Caridade como amor ao necessitado mais próximo

Caridade como amor ao necessitado mais próximo

No primeiro dia do terceiro milénio, São João Paulo II disse: “No início do século, a questão que mais desafia a nossa consciência humana e cristã é a pobreza de incontáveis milhões de homens e mulheres” (Mensagem do Dia Mundial da Paz, 1 de Janeiro de 2000, cf. Bento XVI, Deus caritas est). É vergonhoso e injusto que, num mundo rico, a pobreza continue inabalável.

O amor cristão, ou caridade, é o amor divino – o amor de Deus nos nossos corações – e o amor fraterno: Deus é nosso Pai e todos nós somos seus filhos e, portanto, todos somos irmãos e irmãs em Jesus. O amor fraterno é a marca registrada dos discípulos de Jesus. O amor fraterno é universal, não selectivo: «Nisto todos conhecerão que sois meus discípulos, se vos amardes uns aos outros» (Jo., 13, 35).

O ensinamento sobre o destino universal dos bens da terra baseia-se nas Sagradas Escrituras, onde vemos claramente que Deus está preferencialmente do lado dos pobres, dos oprimidos e dos marginalizados. No final, Jesus ensinou-nos que seremos julgados pelo nosso amor aos pobres e necessitados (cf. Mt., 25, 31-46). Este amor fraterno universal centra-se, porém, num amor especial pelo próximo pobre, chamado, desde o final da década de 1960, de opção preferencial ou amor pelos pobres.

No plano teórico, continuamos a falar deste amor preferencial, que muitas vezes é negado no plano prático por um estilo de vida supérfluo, consumista e desperdiçador. Tanto no Antigo como no Novo Testamento, a prática da justiça-amor é dirigida principalmente aos pobres e marginalizados. No Antigo Testamento, particularmente na tradição profética, vemos Deus – o Deus da justiça e da misericórdia – do lado dos pobres e necessitados: “Ele fará justiça aos pobres” (cf. Is., 58, 6-10; Am., 8, 4-7; 1 Jo., 3, 17).
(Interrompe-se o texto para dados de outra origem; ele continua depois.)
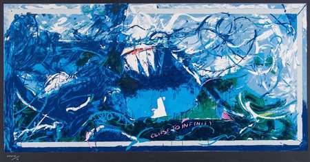 Lotto 3 Mario Schifano (Homs 1934 - Roma 1998), “Cruise to Infinity”. Serigrafia materica a smalti, firmata in basso a destra Schifano, esemplare in basso a sinistra XXXIV/L, reca timbro a secco Sigart, Lastra H cm 45x89.5 - Foglio H cm 70x100 (lievi usure)
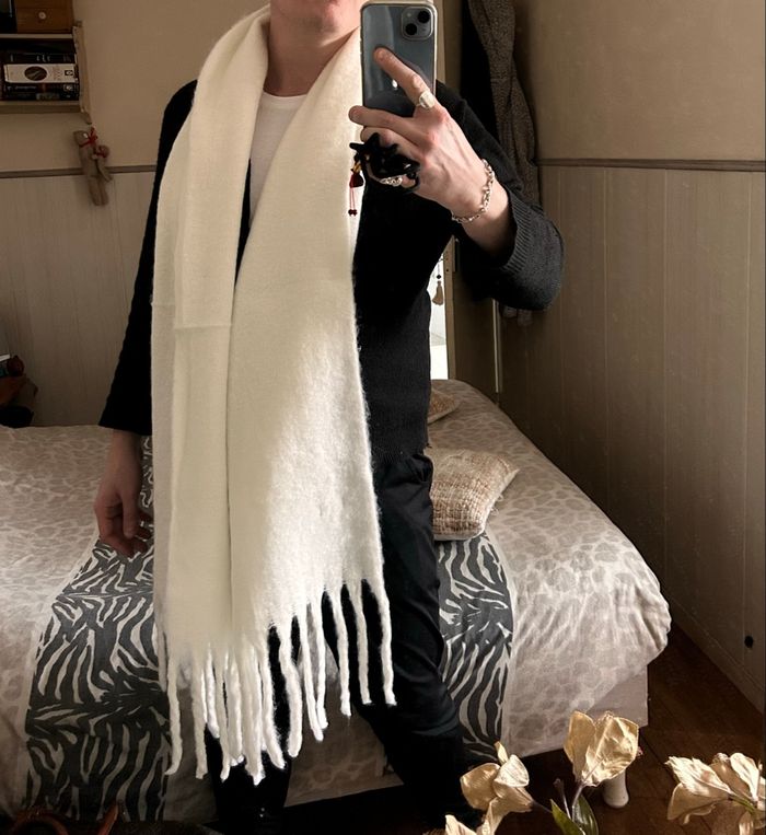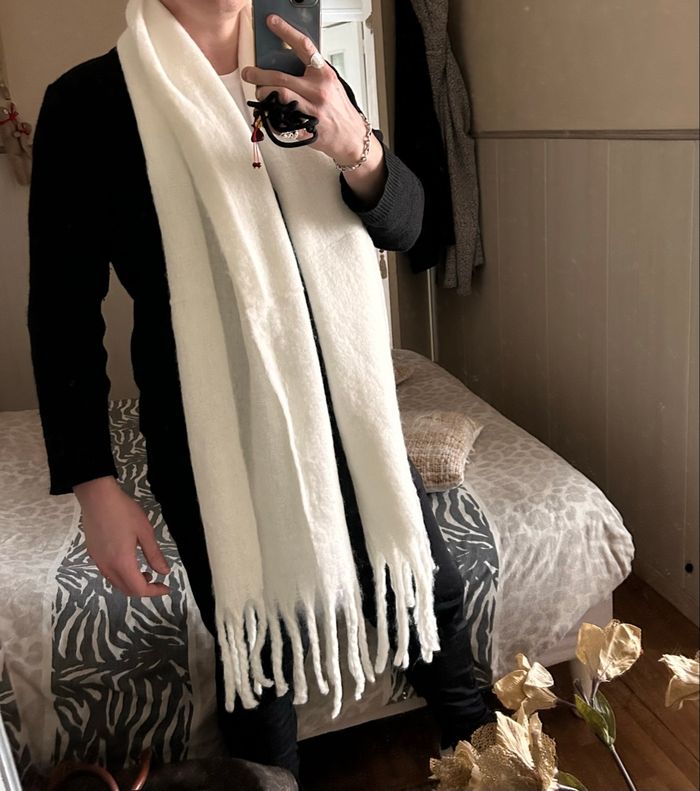 ✨ ÉCHARPE XL GIGI PIP – NEUVE & ULTRA COSY ✨ Craquez pour cette magnifique écharpe de la marque Gigi Pip, l'accessoire indispensable pour affronter le froid avec élégance. Son coloris beige chiné/crème est un basique chic qui s'accorde avec absolument tout ! Les points forts : • Format XXL : Environ 2 mètres de long ! Elle est parfaite pour s'emmitoufler dedans, faire plusieurs tours ou la porter avec style façon "oversized". • État : Neuve, jamais portée. Un cadeau idéal (ou pour se faire plaisir !). • Marque de Prestige : Gigi Pip est célèbre pour ses accessoires de qualité au design épuré et moderne. • Douceur & Confort : Une texture moelleuse et chaude, idéale pour les journées d'hiver ou les soirées fraîches. Caractéristiques : • Couleur : Beige crème / Avoine (très lumineux). • Dimensions : ~200 cm (Longueur) x largeur généreuse (voir photos). • Style : Minimaliste, bohème-chic. Le conseil mode : Parfaite pour rehausser un long manteau noir ou pour compléter un look monochrome crème. C'est la pièce "confort" par excellence ! 📦 Envoi ultra rapide (sous 24h/48h). 🧼 Maison non-fumeur.
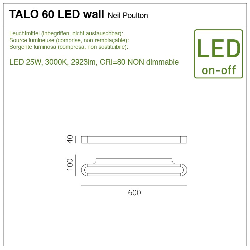 • Source lumineuse : LED 25W, 3000K, 2923lm, CRI=80 NON dimmable (comprise)
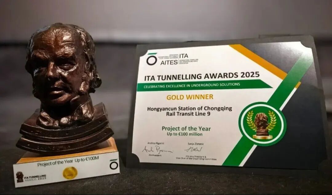 塞尔维亚当地时间10月1日,国际隧道与地下空间协会(简称ITA)公布了第11届隧道奖获奖名单,“重庆轨道交通九号线红岩村站工程”从众多国际项目中脱颖而出,成功摘得“2025年度最佳项目奖(工程投资≤1亿欧元)”金奖。
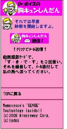 モバイル・コンテンツの先駆者としての実績を活かし、総合的なプロデュースを手がけるインデックスでは、音声解析技術を利用し人の「声」をもとに様々な診断が出来る“モバイル診断サービス” 「ヒトコエ」(http://hitokoe.jp/)のサービスを提供しています。声からリアルな“えっち度”が分かる「えっちしんだん」をはじめ、人の“秘めた内面”を診断する「声ヂカラしんだん」、“恋愛成功度”を診断する「胸キュンしんだん」を展開しています。

A pobreza de Jesus é a pobreza do ser, a “kenosis”: «Esvaziou-se a si mesmo, assumiu a forma de servo e nasceu à semelhança dos homens» (Fl., 2, 7); «Sendo rico, tornou-se pobre por nossa causa» (2 Cor., 8, 9). A pobreza de Jesus é também a pobreza do ter. Cristo nasceu, viveu e morreu pobre, e estava próximo dos pobres, dos pobres material e socialmente. Jesus, o Filho de Deus e o Homem para os outros, convida todos os seus seguidores a viver com sobriedade e a amar os pobres: “O convite [ao jovem rico] ‘vai, vende tudo o que tens e dá o dinheiro aos pobres’ e ‘terás um tesouro no céu’ [Mt 19, 21] é dirigido a todos” (cf. João Paulo II, Veritatis Splendor). Portanto, gastos excessivos e esbanjamento são pecados (cf. Compêndio do Catecismo da Igreja Católica n.º 2409). O Papa Francisco perguntou: A pobreza de Jesus Cristo é nossa fiel companheira de vida?

Os Apóstolos estavam comprometidos em ajudar os pobres e pediram a Paulo que fizesse o mesmo: “Eles [os Apóstolos] pediram apenas uma coisa, que nos lembrássemos dos pobres, o que era, na verdade, o que eu estava ansioso por fazer” (cf. Gal., 2, 10).

Os Padres (Pais) da Igreja praticavam e ensinavam a todos os cristãos o amor especial pelos pobres como uma opção ou amor obrigatório. Lembro-me das palavras comoventes de São Basílio: Quem tira as roupas de um homem é um ladrão. Quem não veste o indigente quando pode, merece um outro nome, que não seja o de ladrão? O pão que guardas pertence ao faminto; ao nu, o casaco que escondes no teu armário; ao descalço, os sapatos que estão empoeirados na tua casa; ao necessitado, a prata que escondes. Em resumo, ofendes todos aqueles que podes ajudar.

A Igreja opta preferencialmente pelos pobres: “Os cristãos têm de levantar a voz em nome de todos os pobres do mundo”. A opção preferencial pelos pobres implica não só uma ajuda afectiva, mas também um amor efectivo por eles, ou seja, “aproximar-se deles para que a mão que ajuda não seja vista como uma esmola humilhante, mas como uma partilha entre irmãos e irmãs”. “Devemos, portanto, garantir que em todas as comunidades cristãs os pobres se sintam em casa” (cf. João Paulo II). É também a opção que deve permear a apresentação e o estudo da verdade cristã (cf. Papa Francisco, Veritatis gaudium; cf. Gaudium et spes n.º 69).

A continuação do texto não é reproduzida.